- _Task brief_: Restate the listing below word for word, omitting any images.

- _Material to process_:
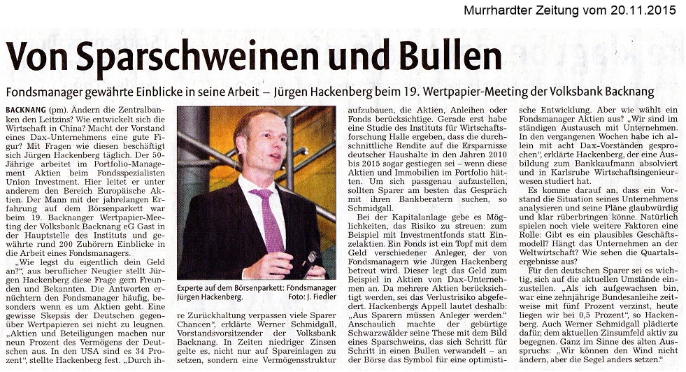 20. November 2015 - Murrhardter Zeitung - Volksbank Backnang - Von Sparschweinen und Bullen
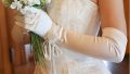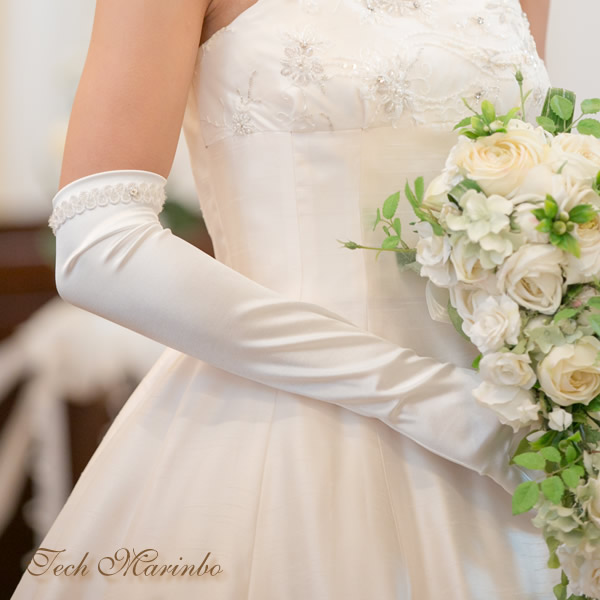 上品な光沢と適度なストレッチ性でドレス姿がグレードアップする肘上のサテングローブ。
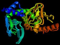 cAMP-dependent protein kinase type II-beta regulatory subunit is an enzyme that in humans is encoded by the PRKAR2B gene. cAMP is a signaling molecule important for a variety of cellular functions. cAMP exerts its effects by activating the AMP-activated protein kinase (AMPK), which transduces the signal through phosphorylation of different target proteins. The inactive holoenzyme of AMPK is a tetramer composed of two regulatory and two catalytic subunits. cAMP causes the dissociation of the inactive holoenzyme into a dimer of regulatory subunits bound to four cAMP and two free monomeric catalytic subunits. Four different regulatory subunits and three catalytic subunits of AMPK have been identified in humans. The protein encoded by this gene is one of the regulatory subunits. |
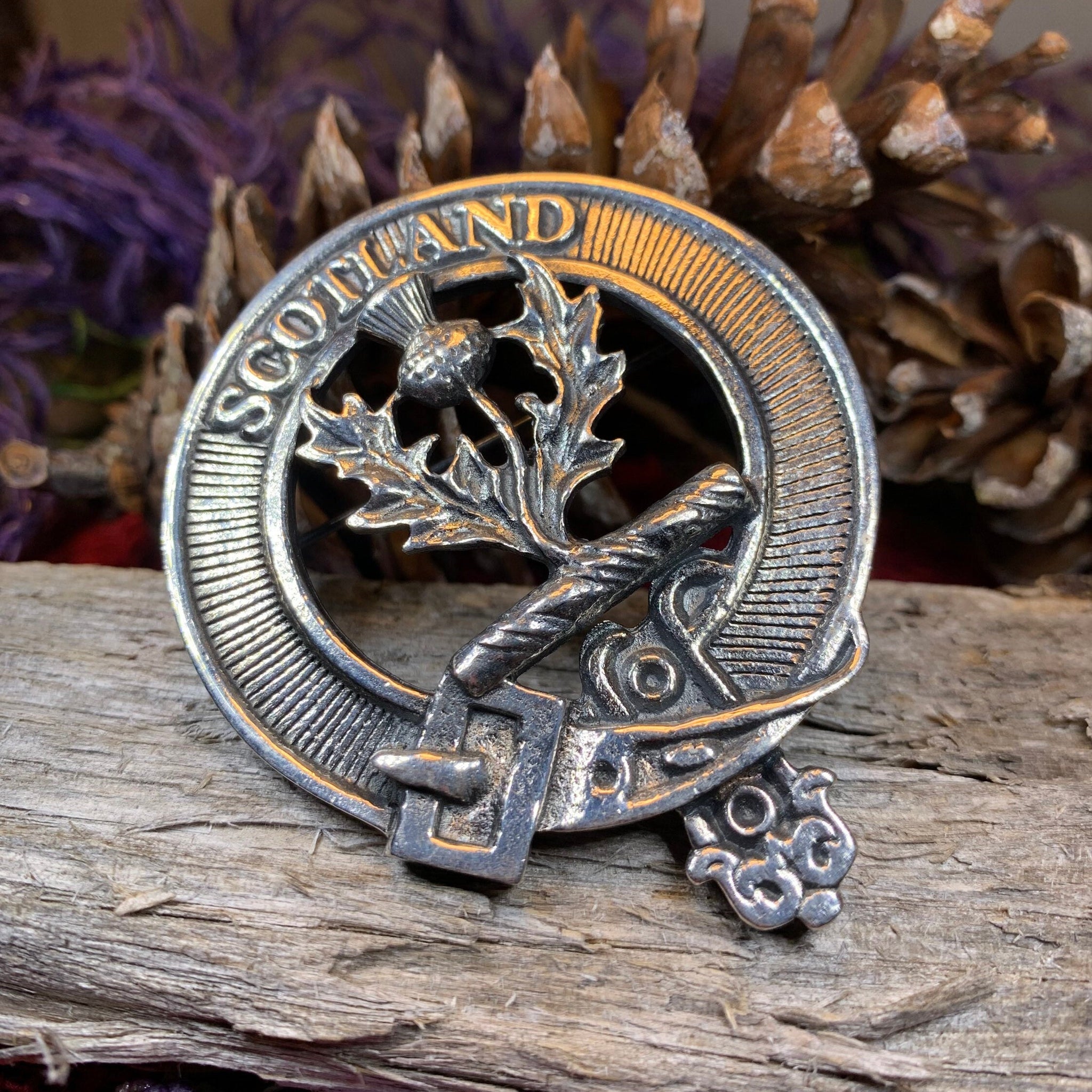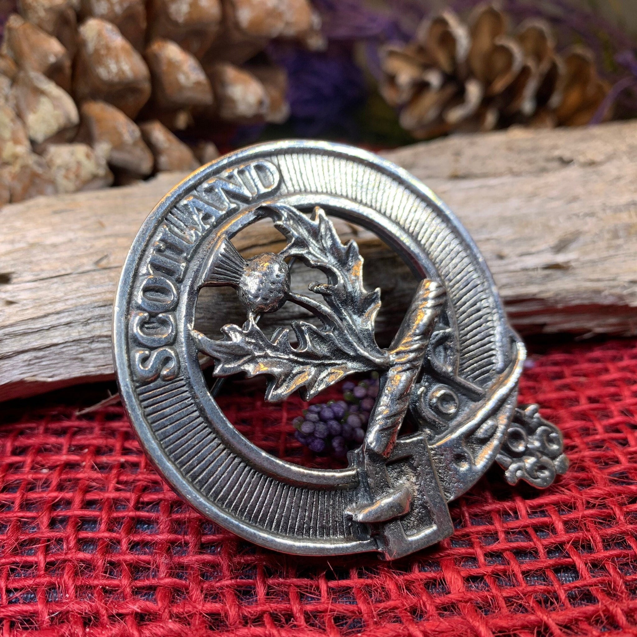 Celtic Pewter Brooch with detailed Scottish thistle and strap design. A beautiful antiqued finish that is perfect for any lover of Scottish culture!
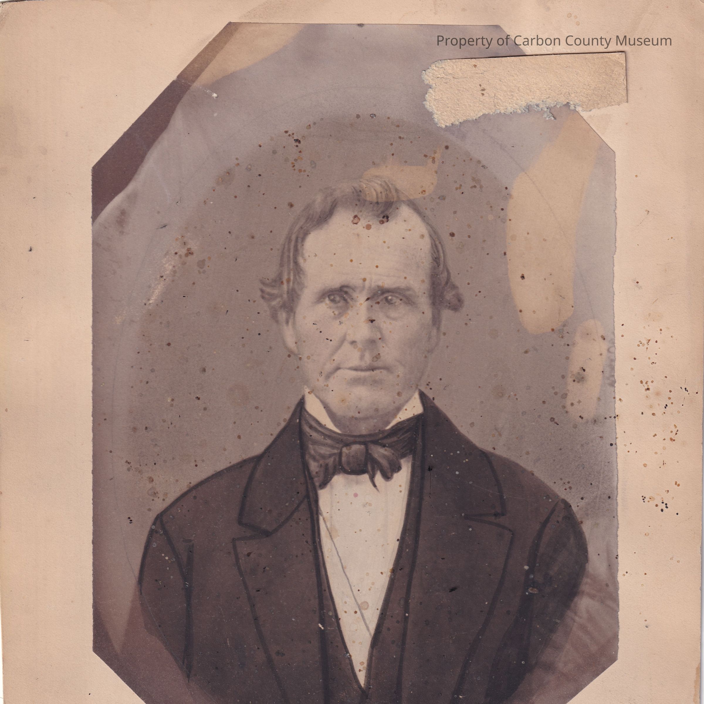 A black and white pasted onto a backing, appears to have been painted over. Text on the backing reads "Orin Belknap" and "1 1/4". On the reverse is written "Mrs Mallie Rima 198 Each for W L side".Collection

- _Your response_:
 20. November 2015 - Murrhardter Zeitung - Volksbank Backnang - Von Sparschweinen und Bullen
 上品な光沢と適度なストレッチ性でドレス姿がグレードアップする肘上のサテングローブ。
 cAMP-dependent protein kinase type II-beta regulatory subunit is an enzyme that in humans is encoded by the PRKAR2B gene. cAMP is a signaling molecule important for a variety of cellular functions. cAMP exerts its effects by activating the AMP-activated protein kinase (AMPK), which transduces the signal through phosphorylation of different target proteins. The inactive holoenzyme of AMPK is a tetramer composed of two regulatory and two catalytic subunits. cAMP causes the dissociation of the inactive holoenzyme into a dimer of regulatory subunits bound to four cAMP and two free monomeric catalytic subunits. Four different regulatory subunits and three catalytic subunits of AMPK have been identified in humans. The protein encoded by this gene is one of the regulatory subunits. |
 Celtic Pewter Brooch with detailed Scottish thistle and strap design. A beautiful antiqued finish that is perfect for any lover of Scottish culture!
 A black and white pasted onto a backing, appears to have been painted over. Text on the backing reads "Orin Belknap" and "1 1/4". On the reverse is written "Mrs Mallie Rima 198 Each for W L side".Collection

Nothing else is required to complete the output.